┌──

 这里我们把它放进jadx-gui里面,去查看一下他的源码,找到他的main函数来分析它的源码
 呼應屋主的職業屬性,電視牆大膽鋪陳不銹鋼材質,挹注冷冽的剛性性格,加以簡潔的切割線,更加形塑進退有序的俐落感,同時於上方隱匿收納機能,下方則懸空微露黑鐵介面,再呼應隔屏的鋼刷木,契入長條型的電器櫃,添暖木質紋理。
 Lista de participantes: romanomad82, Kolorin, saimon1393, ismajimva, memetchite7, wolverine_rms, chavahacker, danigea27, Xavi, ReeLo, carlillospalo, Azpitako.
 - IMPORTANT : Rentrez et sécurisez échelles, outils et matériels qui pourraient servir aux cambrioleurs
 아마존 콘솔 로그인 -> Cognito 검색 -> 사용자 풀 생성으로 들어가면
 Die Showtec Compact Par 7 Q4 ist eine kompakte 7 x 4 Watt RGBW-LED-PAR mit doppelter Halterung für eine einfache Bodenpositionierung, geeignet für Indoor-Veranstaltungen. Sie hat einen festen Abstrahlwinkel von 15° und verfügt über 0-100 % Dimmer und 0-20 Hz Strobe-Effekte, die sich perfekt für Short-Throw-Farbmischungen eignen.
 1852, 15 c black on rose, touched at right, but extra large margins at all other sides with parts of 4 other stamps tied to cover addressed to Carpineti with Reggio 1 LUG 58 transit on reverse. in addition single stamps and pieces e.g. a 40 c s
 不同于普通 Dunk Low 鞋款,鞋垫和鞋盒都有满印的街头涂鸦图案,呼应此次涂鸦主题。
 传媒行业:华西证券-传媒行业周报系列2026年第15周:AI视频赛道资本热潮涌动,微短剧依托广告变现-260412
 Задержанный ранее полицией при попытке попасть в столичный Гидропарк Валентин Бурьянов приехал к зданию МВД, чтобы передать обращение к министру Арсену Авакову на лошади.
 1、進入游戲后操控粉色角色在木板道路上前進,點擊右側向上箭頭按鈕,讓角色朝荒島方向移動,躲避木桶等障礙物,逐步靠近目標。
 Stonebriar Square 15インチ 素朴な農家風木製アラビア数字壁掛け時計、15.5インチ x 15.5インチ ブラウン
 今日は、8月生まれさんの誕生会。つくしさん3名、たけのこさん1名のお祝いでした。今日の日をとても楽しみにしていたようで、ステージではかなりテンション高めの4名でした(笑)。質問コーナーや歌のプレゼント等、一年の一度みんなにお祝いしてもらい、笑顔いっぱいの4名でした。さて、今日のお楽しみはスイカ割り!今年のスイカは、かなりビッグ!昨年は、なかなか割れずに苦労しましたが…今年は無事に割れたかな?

└──

Take the entries above and repeat them verbatim.

 这里我们把它放进jadx-gui里面,去查看一下他的源码,找到他的main函数来分析它的源码
 呼應屋主的職業屬性,電視牆大膽鋪陳不銹鋼材質,挹注冷冽的剛性性格,加以簡潔的切割線,更加形塑進退有序的俐落感,同時於上方隱匿收納機能,下方則懸空微露黑鐵介面,再呼應隔屏的鋼刷木,契入長條型的電器櫃,添暖木質紋理。
 Lista de participantes: romanomad82, Kolorin, saimon1393, ismajimva, memetchite7, wolverine_rms, chavahacker, danigea27, Xavi, ReeLo, carlillospalo, Azpitako.
 - IMPORTANT : Rentrez et sécurisez échelles, outils et matériels qui pourraient servir aux cambrioleurs
 아마존 콘솔 로그인 -> Cognito 검색 -> 사용자 풀 생성으로 들어가면
 Die Showtec Compact Par 7 Q4 ist eine kompakte 7 x 4 Watt RGBW-LED-PAR mit doppelter Halterung für eine einfache Bodenpositionierung, geeignet für Indoor-Veranstaltungen. Sie hat einen festen Abstrahlwinkel von 15° und verfügt über 0-100 % Dimmer und 0-20 Hz Strobe-Effekte, die sich perfekt für Short-Throw-Farbmischungen eignen.
 1852, 15 c black on rose, touched at right, but extra large margins at all other sides with parts of 4 other stamps tied to cover addressed to Carpineti with Reggio 1 LUG 58 transit on reverse. in addition single stamps and pieces e.g. a 40 c s
 不同于普通 Dunk Low 鞋款,鞋垫和鞋盒都有满印的街头涂鸦图案,呼应此次涂鸦主题。
 传媒行业:华西证券-传媒行业周报系列2026年第15周:AI视频赛道资本热潮涌动,微短剧依托广告变现-260412
 Задержанный ранее полицией при попытке попасть в столичный Гидропарк Валентин Бурьянов приехал к зданию МВД, чтобы передать обращение к министру Арсену Авакову на лошади.
 1、進入游戲后操控粉色角色在木板道路上前進,點擊右側向上箭頭按鈕,讓角色朝荒島方向移動,躲避木桶等障礙物,逐步靠近目標。
 Stonebriar Square 15インチ 素朴な農家風木製アラビア数字壁掛け時計、15.5インチ x 15.5インチ ブラウン
 今日は、8月生まれさんの誕生会。つくしさん3名、たけのこさん1名のお祝いでした。今日の日をとても楽しみにしていたようで、ステージではかなりテンション高めの4名でした(笑)。質問コーナーや歌のプレゼント等、一年の一度みんなにお祝いしてもらい、笑顔いっぱいの4名でした。さて、今日のお楽しみはスイカ割り!今年のスイカは、かなりビッグ!昨年は、なかなか割れずに苦労しましたが…今年は無事に割れたかな?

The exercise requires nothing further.